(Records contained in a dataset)
──────────────────────────────

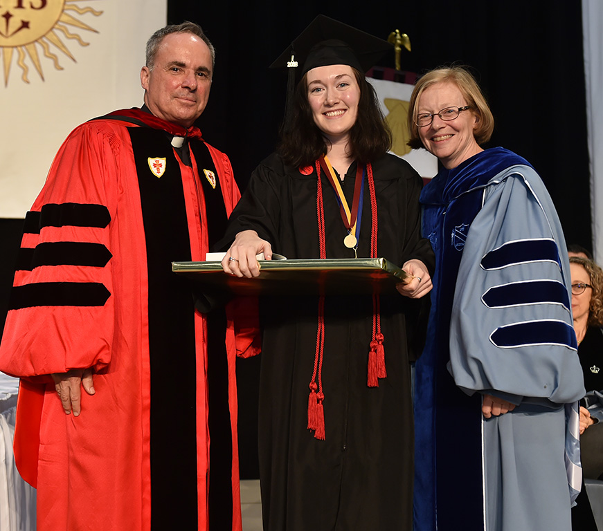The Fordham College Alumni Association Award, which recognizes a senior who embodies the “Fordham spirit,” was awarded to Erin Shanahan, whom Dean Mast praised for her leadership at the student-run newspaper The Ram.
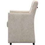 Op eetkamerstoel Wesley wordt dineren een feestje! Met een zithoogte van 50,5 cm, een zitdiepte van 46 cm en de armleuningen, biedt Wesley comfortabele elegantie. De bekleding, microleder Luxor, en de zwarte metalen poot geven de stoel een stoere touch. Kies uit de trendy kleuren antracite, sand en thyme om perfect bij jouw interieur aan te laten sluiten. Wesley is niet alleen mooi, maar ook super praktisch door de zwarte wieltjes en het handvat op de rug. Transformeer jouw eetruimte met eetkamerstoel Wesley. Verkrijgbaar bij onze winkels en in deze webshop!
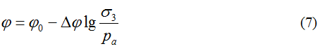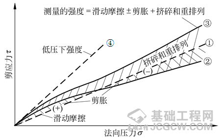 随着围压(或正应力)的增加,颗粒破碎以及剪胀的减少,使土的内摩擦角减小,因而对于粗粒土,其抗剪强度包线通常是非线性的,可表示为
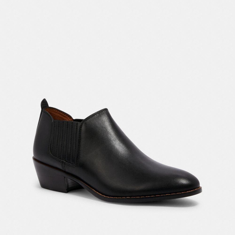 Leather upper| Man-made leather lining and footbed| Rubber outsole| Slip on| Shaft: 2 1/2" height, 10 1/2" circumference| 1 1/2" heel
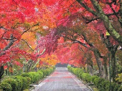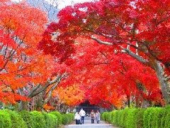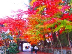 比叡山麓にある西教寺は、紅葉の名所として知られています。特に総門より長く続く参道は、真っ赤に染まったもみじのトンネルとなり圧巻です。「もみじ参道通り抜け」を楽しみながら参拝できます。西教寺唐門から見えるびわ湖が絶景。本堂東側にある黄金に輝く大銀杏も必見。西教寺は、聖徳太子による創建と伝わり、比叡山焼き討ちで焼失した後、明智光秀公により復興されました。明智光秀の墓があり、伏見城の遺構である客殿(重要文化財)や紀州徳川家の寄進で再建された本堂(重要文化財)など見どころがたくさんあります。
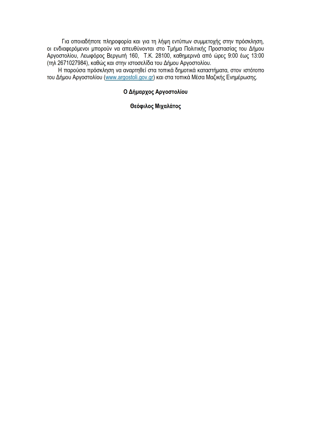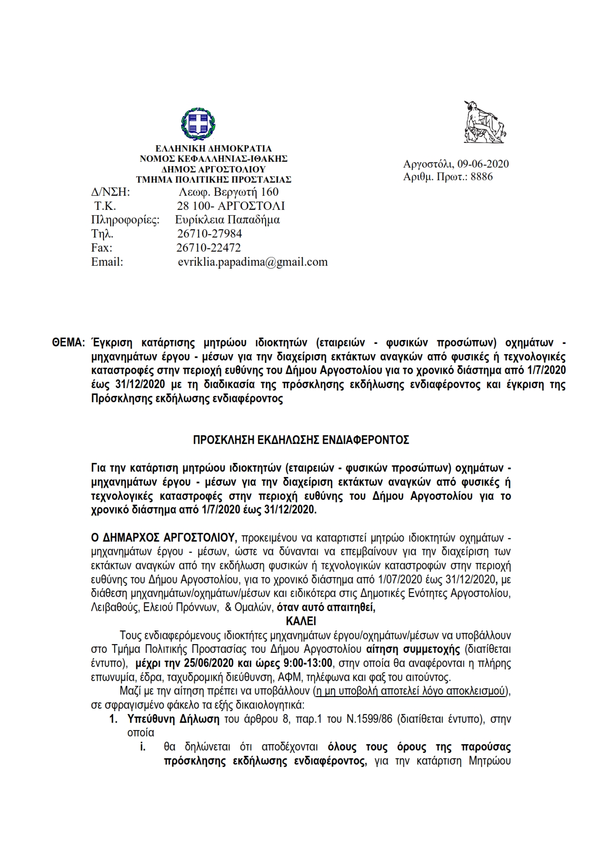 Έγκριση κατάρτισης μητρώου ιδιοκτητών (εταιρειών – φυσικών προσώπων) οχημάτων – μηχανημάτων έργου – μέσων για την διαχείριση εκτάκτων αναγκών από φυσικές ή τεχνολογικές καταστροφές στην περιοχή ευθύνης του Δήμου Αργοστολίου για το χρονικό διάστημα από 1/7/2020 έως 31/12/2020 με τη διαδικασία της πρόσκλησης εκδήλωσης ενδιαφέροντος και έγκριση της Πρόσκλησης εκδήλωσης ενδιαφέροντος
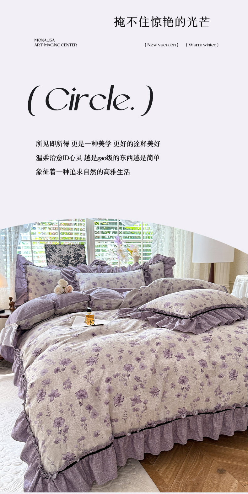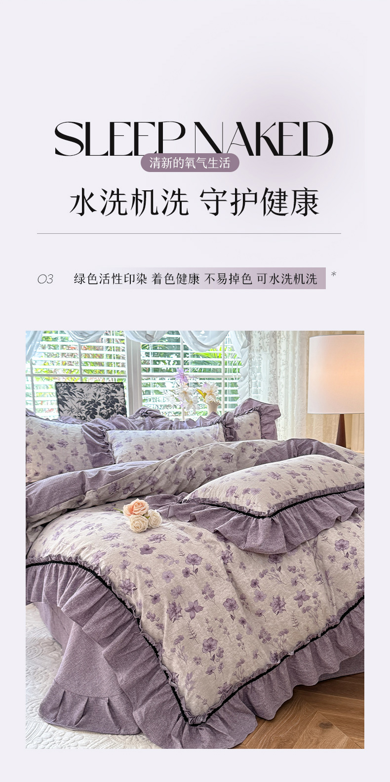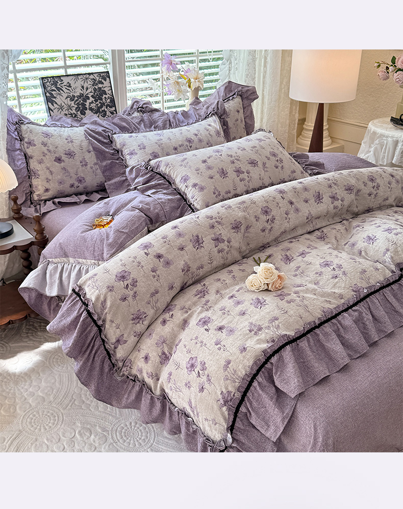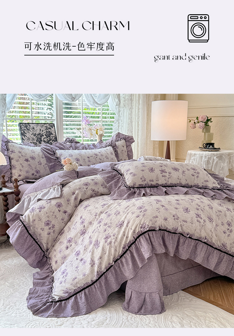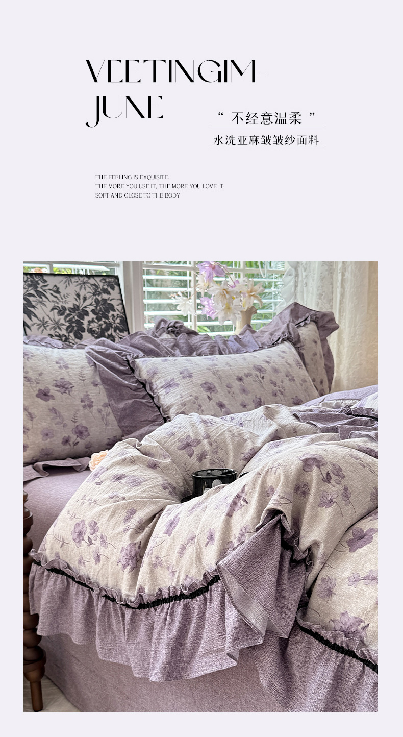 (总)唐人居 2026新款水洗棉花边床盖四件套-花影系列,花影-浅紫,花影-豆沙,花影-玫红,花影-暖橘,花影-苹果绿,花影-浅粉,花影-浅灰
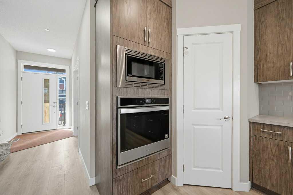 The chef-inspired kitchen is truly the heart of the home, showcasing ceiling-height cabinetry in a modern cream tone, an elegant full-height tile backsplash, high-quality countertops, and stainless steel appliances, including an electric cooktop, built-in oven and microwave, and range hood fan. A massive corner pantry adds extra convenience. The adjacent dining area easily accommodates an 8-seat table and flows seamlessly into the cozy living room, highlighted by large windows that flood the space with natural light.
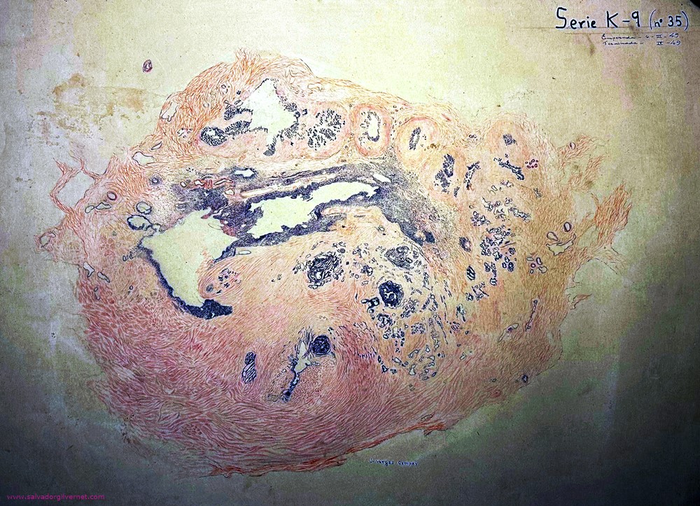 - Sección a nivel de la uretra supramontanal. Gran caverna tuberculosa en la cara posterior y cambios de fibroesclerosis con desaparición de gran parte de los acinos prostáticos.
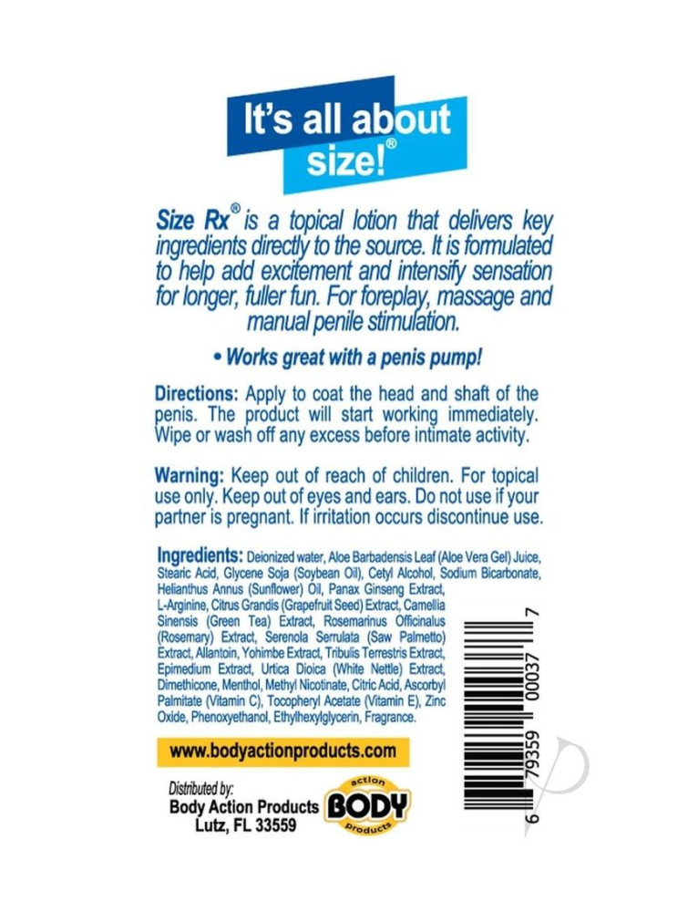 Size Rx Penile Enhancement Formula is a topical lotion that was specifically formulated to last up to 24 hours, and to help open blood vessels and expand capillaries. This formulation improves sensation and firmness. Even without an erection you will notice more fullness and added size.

──────────────────────────────

#### YOUR OBJECTIVE:
From the records above, copy exactly the lines starting at the one with "Op eetkamerstoel Wesley" and ending at the one with "比叡山麓にある西教寺は、紅葉", and no others. Pictures stay out.

#### WRITTEN RESPONSE:
 Op eetkamerstoel Wesley wordt dineren een feestje! Met een zithoogte van 50,5 cm, een zitdiepte van 46 cm en de armleuningen, biedt Wesley comfortabele elegantie. De bekleding, microleder Luxor, en de zwarte metalen poot geven de stoel een stoere touch. Kies uit de trendy kleuren antracite, sand en thyme om perfect bij jouw interieur aan te laten sluiten. Wesley is niet alleen mooi, maar ook super praktisch door de zwarte wieltjes en het handvat op de rug. Transformeer jouw eetruimte met eetkamerstoel Wesley. Verkrijgbaar bij onze winkels en in deze webshop!
 随着围压(或正应力)的增加,颗粒破碎以及剪胀的减少,使土的内摩擦角减小,因而对于粗粒土,其抗剪强度包线通常是非线性的,可表示为
 Leather upper| Man-made leather lining and footbed| Rubber outsole| Slip on| Shaft: 2 1/2" height, 10 1/2" circumference| 1 1/2" heel
 比叡山麓にある西教寺は、紅葉の名所として知られています。特に総門より長く続く参道は、真っ赤に染まったもみじのトンネルとなり圧巻です。「もみじ参道通り抜け」を楽しみながら参拝できます。西教寺唐門から見えるびわ湖が絶景。本堂東側にある黄金に輝く大銀杏も必見。西教寺は、聖徳太子による創建と伝わり、比叡山焼き討ちで焼失した後、明智光秀公により復興されました。明智光秀の墓があり、伏見城の遺構である客殿(重要文化財)や紀州徳川家の寄進で再建された本堂(重要文化財)など見どころがたくさんあります。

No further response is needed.